╭─ DATASET EXCERPT

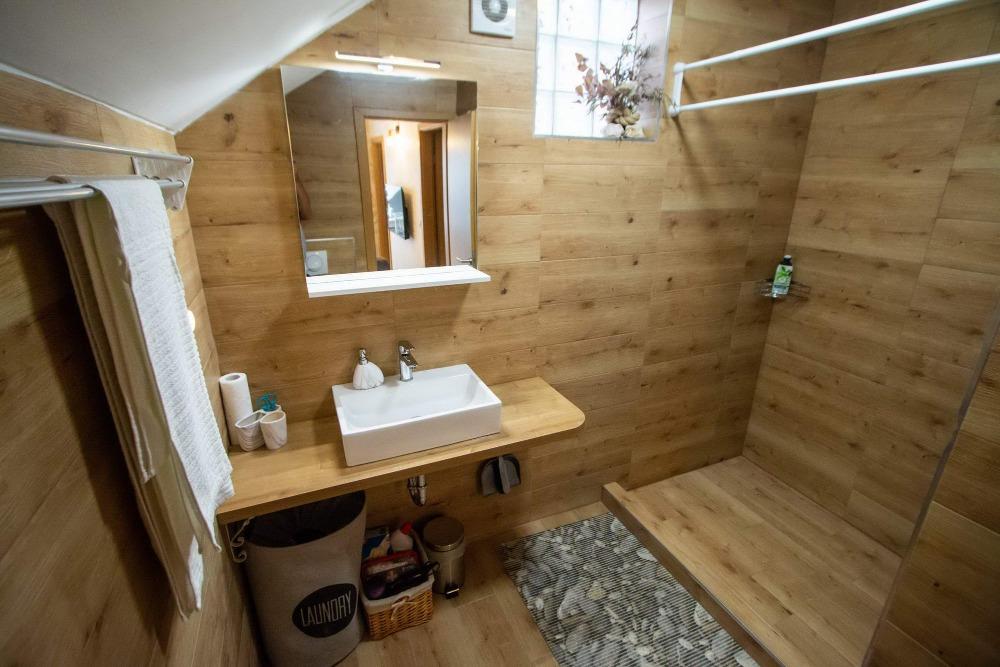 Zde u Hobbita se budete cítit od samého začátku jako ve vatičce. Okamžitě zapomenete na několikahodinovou cestu a okouzlí vás esprit a voňavá atmosféra nového, kamenného domu s venkovními žaluziemi, rozkvetlými květinami, útulným "sklípkem" s krásnými fotografiemi, které Vás vrátí do dávných dob. Zde můžete relaxovat s knihou či pogrilovat s rodinou. Vlídná, bystrá a nápomocná paní majitelka klidně zodpoví všechny vaše detailní dotazy, pomůže, poradí. Upřímně píšu, za takhle výborně, kvalitně, jsme se dlouho nikde nevyspali. Designové, hebké povlečení, několik polštářů, kvalitní matrace a klimatizace, zaručují vynikající spánkový komfort. Koupelna je velice prostorná, designová, ve sprše nechybí sprchové gely, velká i malá sprchová hlavice, dostatek měkkých ručníků i osušek. V kuchyni rovněž máte veškerý moderní komfort, myčku a pračku. Krásné židle, v optice starých, stylových. Věřte , že budete odjíždět s těžkým srdcem, a bude se Vám stýskat.
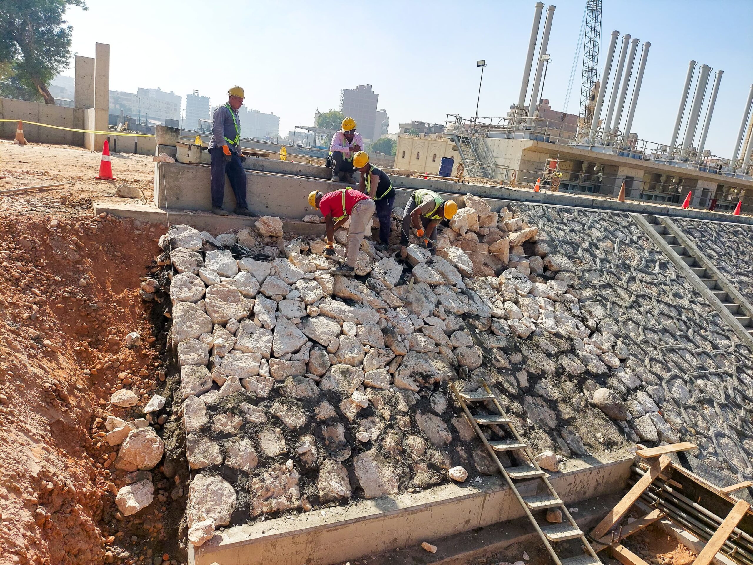 كما يجرى تنفيذ أعمال الطرق والحوائط الساندة وتكسية الميول بمبانى الأحجار و الأسوار وشبكة الكهرباء والاضاءة الخارجية، وجارى تركيب منظومة التشغيل فى مبنى التحكم، وجارى التشطيبات لمبنى التشغيل والتحكم ومبنى مخازن علب التجفيف للصيانة .
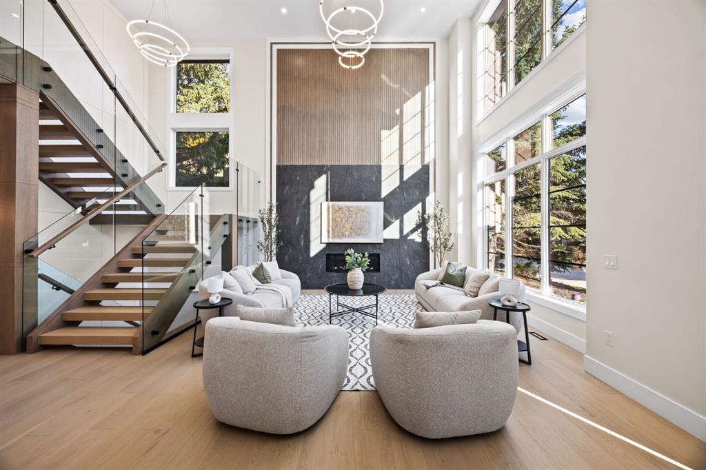 Welcome to this extraordinary, brand-new custom estate home, perfectly positioned in the highly sought-after community of Varsity Estates. Backing directly onto the golf course, this residence offers breathtaking views of the fairways from nearly every principal space, including the kitchen, dining room, master suite, guest bedroom, family room, bonus room, and the beautifully landscaped backyard. From the moment you enter, you’re greeted by soaring open-to-above ceilings, modern glass railings, and designer chandeliers that create an immediate sense of elegance and grandeur. The thoughtfully designed floor plan offers both formal and casual living spaces, featuring a sophisticated living room and a warm family room, each highlighted by its own fireplace. At the heart of the home is a gourmet kitchen equipped with premium JennAir appliances, a convenient coffee bar, and an expansive island perfect for entertaining. Seamlessly connected dining and living areas provide an ideal setting for gatherings, while expansive windows frame stunning golf course vistas. This residence features 4 generously sized bedrooms and 5.5 bathrooms, including a luxurious master suite with panoramic views, a spa-inspired ensuite with heated floors, steamer in shower and a custom walk-in closet. Additional highlights include an executive office, home gym, theatre room, and a wet bar designed for elevated entertaining. Luxury is in every detail—heated washroom floors, central air conditioning, and high-end lighting throughout. Practicality meets modern convenience with 200-amp electrical service, EV charger readiness, and a triple heated garage with epoxy flooring. Blending contemporary architecture with timeless finishes, this Varsity Estates masterpiece offers more than just a home—it delivers an unrivaled lifestyle in one of Calgary’s most prestigious communities. Book your Private Tour now.
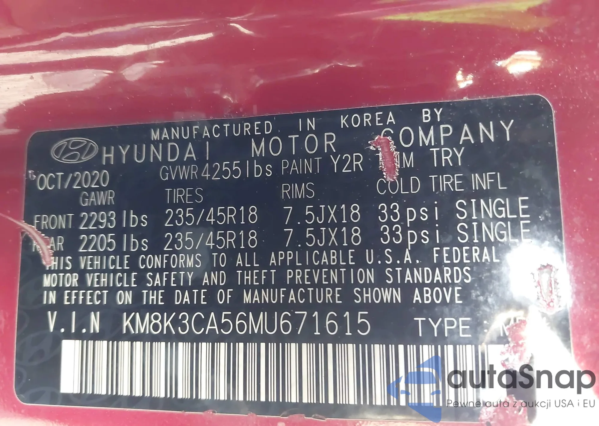 • VIN KM8K3CA56MU671615

╰─

■ **WHAT THE TASK ASKS**
For this exercise, copy each line of the data above exactly, from the first through the line containing "كما يجرى تنفيذ", and drop the pictures.

■ **EXPECTED ANSWER**
 Zde u Hobbita se budete cítit od samého začátku jako ve vatičce. Okamžitě zapomenete na několikahodinovou cestu a okouzlí vás esprit a voňavá atmosféra nového, kamenného domu s venkovními žaluziemi, rozkvetlými květinami, útulným "sklípkem" s krásnými fotografiemi, které Vás vrátí do dávných dob. Zde můžete relaxovat s knihou či pogrilovat s rodinou. Vlídná, bystrá a nápomocná paní majitelka klidně zodpoví všechny vaše detailní dotazy, pomůže, poradí. Upřímně píšu, za takhle výborně, kvalitně, jsme se dlouho nikde nevyspali. Designové, hebké povlečení, několik polštářů, kvalitní matrace a klimatizace, zaručují vynikající spánkový komfort. Koupelna je velice prostorná, designová, ve sprše nechybí sprchové gely, velká i malá sprchová hlavice, dostatek měkkých ručníků i osušek. V kuchyni rovněž máte veškerý moderní komfort, myčku a pračku. Krásné židle, v optice starých, stylových. Věřte , že budete odjíždět s těžkým srdcem, a bude se Vám stýskat.
 كما يجرى تنفيذ أعمال الطرق والحوائط الساندة وتكسية الميول بمبانى الأحجار و الأسوار وشبكة الكهرباء والاضاءة الخارجية، وجارى تركيب منظومة التشغيل فى مبنى التحكم، وجارى التشطيبات لمبنى التشغيل والتحكم ومبنى مخازن علب التجفيف للصيانة .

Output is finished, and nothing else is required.